>>59052396>>59052485I did a little further digging into the topic and it's actually pretty complex. When two different colonies of fungus are introduced to each other in real life, they establish communication by smelling each other's chemical signals and tasting one another's cell proteins. If they're a matching species, they'll merge into a super colony, which is how we end up with ecological marvels like the mile-wide colony running below Central Park in New York. If the fungus colonies are of different species but share the same niche, they immediately start creating borders of thickened mycelium and chemically-enforced demarcation lines where no fungus can grow in order to deny area access, and then ramp up enzyme production in order to starve out their enemy until only one colony remains. If they don't have the same niche, they'll just ignore each other. Trychoderma is an outlier that actively predates other fungi by drilling into their mycelium cells and vampirising their nutrients.
Some species of fungus are known to trade nitrogen-rich compounds from deep underground with plant roots to nourish the plant in exchange for the plant releasing carbon-rich sugars to feed the mushroom; and likewise fungi and bacteria can work together to break down compounds that neither species could process on their own. Fungi could theoretically use these same channels to exchange nutrients between different species, but mushrooms are so poorly researched that we haven't proven this yet.

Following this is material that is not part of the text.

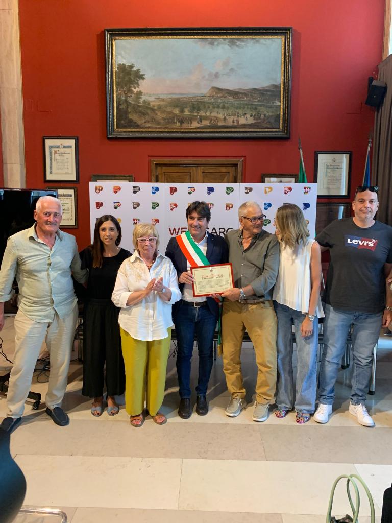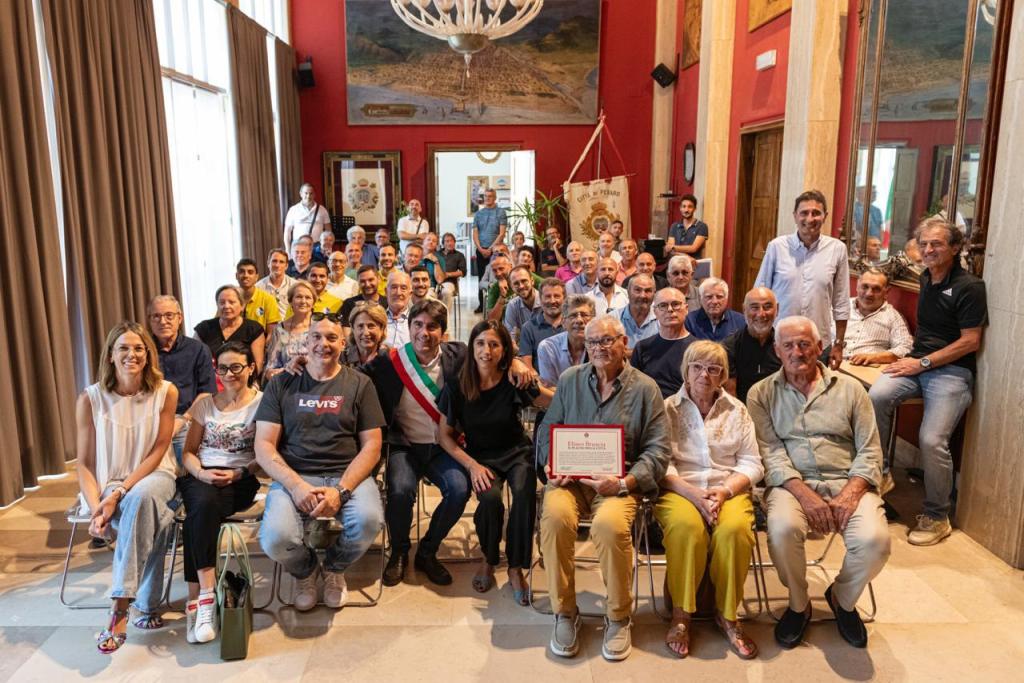 Una sala Rossa in festa ha accolto, stamattina, la consegna del Plauso della Città con cui il sindaco Andrea Biancani e l’assessora allo Sport Mila Della Dora hanno premiato Eliseo Bruscia, un «“maestro di sport e di vita” che nel 1975 assieme ad altri appassionati, ha fondato la squadra di calcio del Novilara, unica realtà sportiva del paese».

So the answer is: the mushroom Pokemon will ignore each other if they can get away with it, will avoid each other if possible, and then commit war crimes if they have to fight. Breloom will start throwing hands, Amoonguss will flood the air with poisonous spores to choke out their neighbors, Toedscruel and its little shadows will run for the hills, Parasect will try to eat its enemies' children and Shiinotic unleashes 11,000 lumens of fuck-you to cook the spores of their enemies.